• _AVAILABLE DATA_
▼

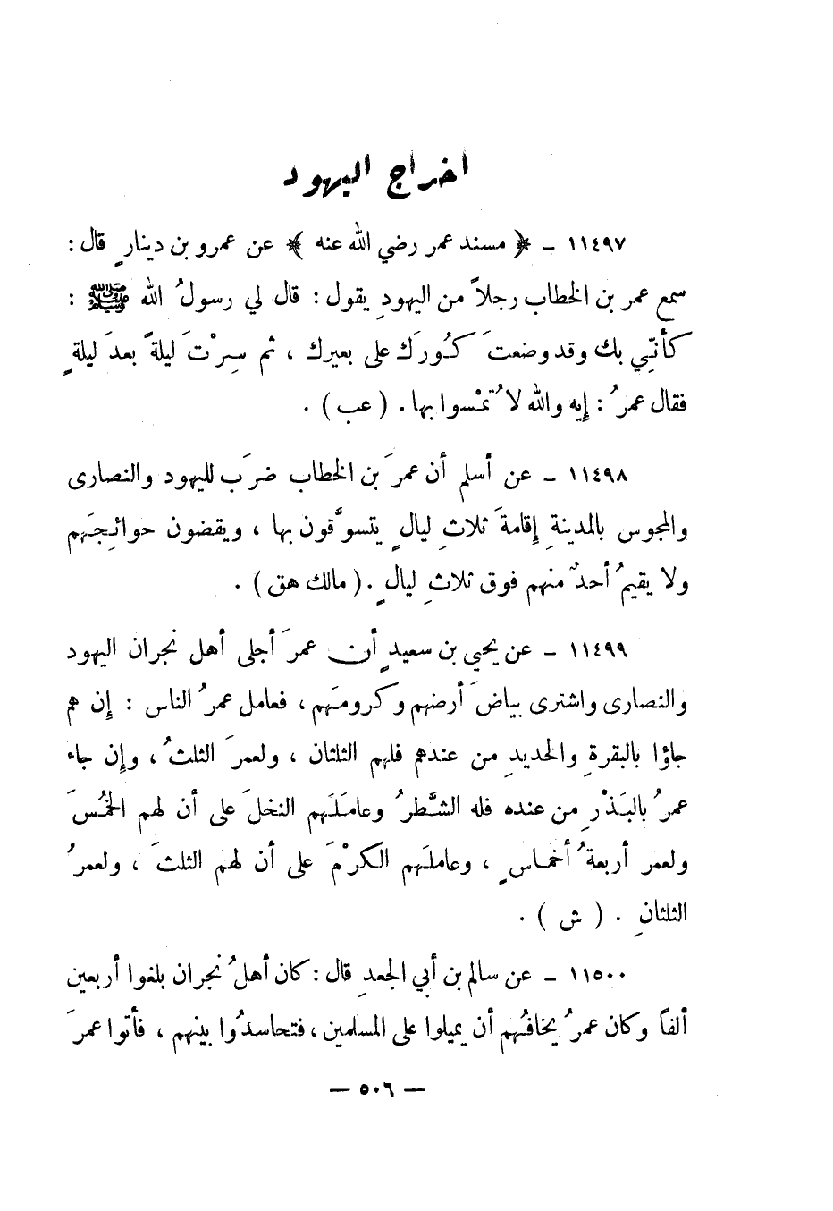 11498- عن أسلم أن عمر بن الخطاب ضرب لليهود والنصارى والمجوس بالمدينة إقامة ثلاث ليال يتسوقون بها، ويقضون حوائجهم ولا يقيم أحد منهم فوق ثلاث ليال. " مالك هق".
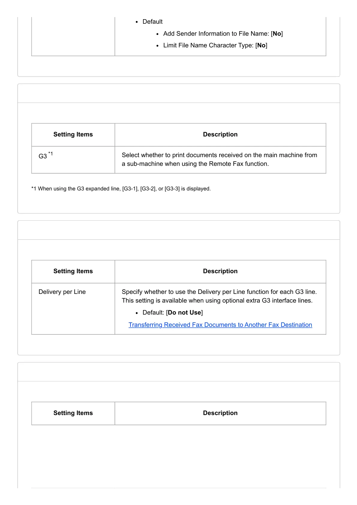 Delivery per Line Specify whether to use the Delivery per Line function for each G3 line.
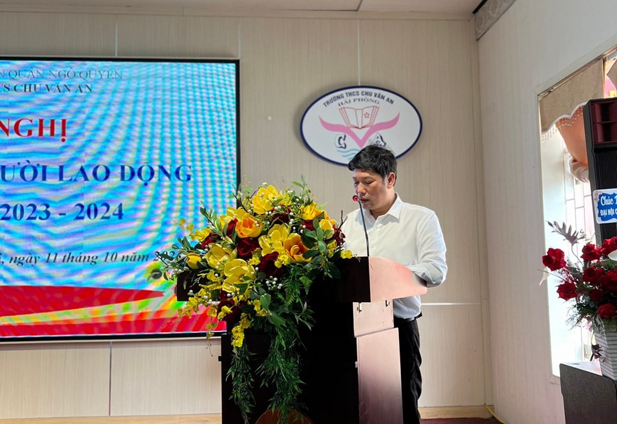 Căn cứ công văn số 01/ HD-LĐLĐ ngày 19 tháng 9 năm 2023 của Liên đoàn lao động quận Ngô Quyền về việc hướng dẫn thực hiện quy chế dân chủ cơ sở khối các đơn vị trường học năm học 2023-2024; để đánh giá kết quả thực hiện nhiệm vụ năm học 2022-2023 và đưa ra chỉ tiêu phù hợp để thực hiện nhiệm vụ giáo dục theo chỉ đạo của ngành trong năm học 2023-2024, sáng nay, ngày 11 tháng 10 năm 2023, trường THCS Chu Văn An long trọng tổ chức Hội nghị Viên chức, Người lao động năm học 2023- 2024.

▲

Reproduce the data exactly as it appears above. Pictures are to be left out.

• _THE ANSWER_
 11498- عن أسلم أن عمر بن الخطاب ضرب لليهود والنصارى والمجوس بالمدينة إقامة ثلاث ليال يتسوقون بها، ويقضون حوائجهم ولا يقيم أحد منهم فوق ثلاث ليال. " مالك هق".
 Delivery per Line Specify whether to use the Delivery per Line function for each G3 line.
 Căn cứ công văn số 01/ HD-LĐLĐ ngày 19 tháng 9 năm 2023 của Liên đoàn lao động quận Ngô Quyền về việc hướng dẫn thực hiện quy chế dân chủ cơ sở khối các đơn vị trường học năm học 2023-2024; để đánh giá kết quả thực hiện nhiệm vụ năm học 2022-2023 và đưa ra chỉ tiêu phù hợp để thực hiện nhiệm vụ giáo dục theo chỉ đạo của ngành trong năm học 2023-2024, sáng nay, ngày 11 tháng 10 năm 2023, trường THCS Chu Văn An long trọng tổ chức Hội nghị Viên chức, Người lao động năm học 2023- 2024.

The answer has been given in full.